The most prominent name to be associated to the Giambellino is possibly that of singer-songwriter Giorgio Gaber, who brought the district to national fame with his extremely popular song La ballata del Cerutti ("The ballad of Cerutti"). The song describes daily life in the "Bar Gino" (a bar in Giambellino) in the 1960s. The bar actually existed, and Gaber was a regular there, along with Bobby Solo, Adriano Celentano, Ricky Gianco and Gino Bramieri, all of which would later gain national or international fame (the former three as singers, the latter as a comic actor).
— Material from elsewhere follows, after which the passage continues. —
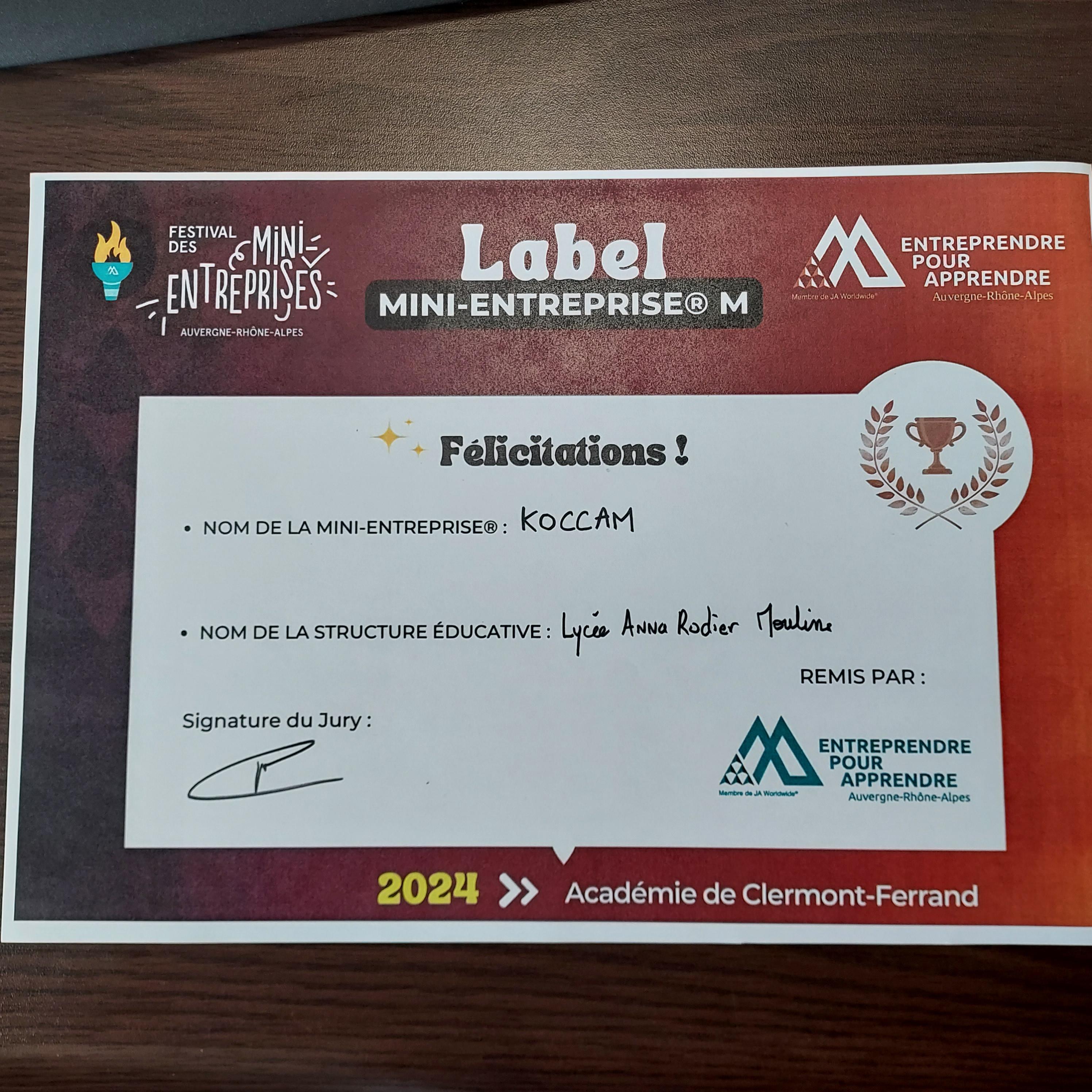 Les élèves de seconde GATL ont participé au Festival des Mini Entreprises le jeudi 23 mai 2024 et ont été récompensé du label de bronze de l'innovation de la Mini Entreprise M.

Actor and screenwriter Diego Abatantuono, who grew up in Lorenteggio, has declared to have taken inspiration from his memories of the people of Giambellino and Lorenteggio for some of his roles and to have a predilection for this district as a setting for his movies. Other notable people who lived in this district include actor Ugo Conti and journalist Enrico Mentana and, reportedly, Silvio Berlusconi (at least, he was registered in the electoral district of Via Soderini when he was young). One of the most popular Italian rock bands of the 1970s, I Camaleonti, rose from the ranks playing in cheap music clubs in Giambellino.

Popular Italian writer Andrea G. Pinketts has often declared to have spent much time in the small bars and clubs of Giambellino and Lorenteggio to find inspirations for his hardboiled novels.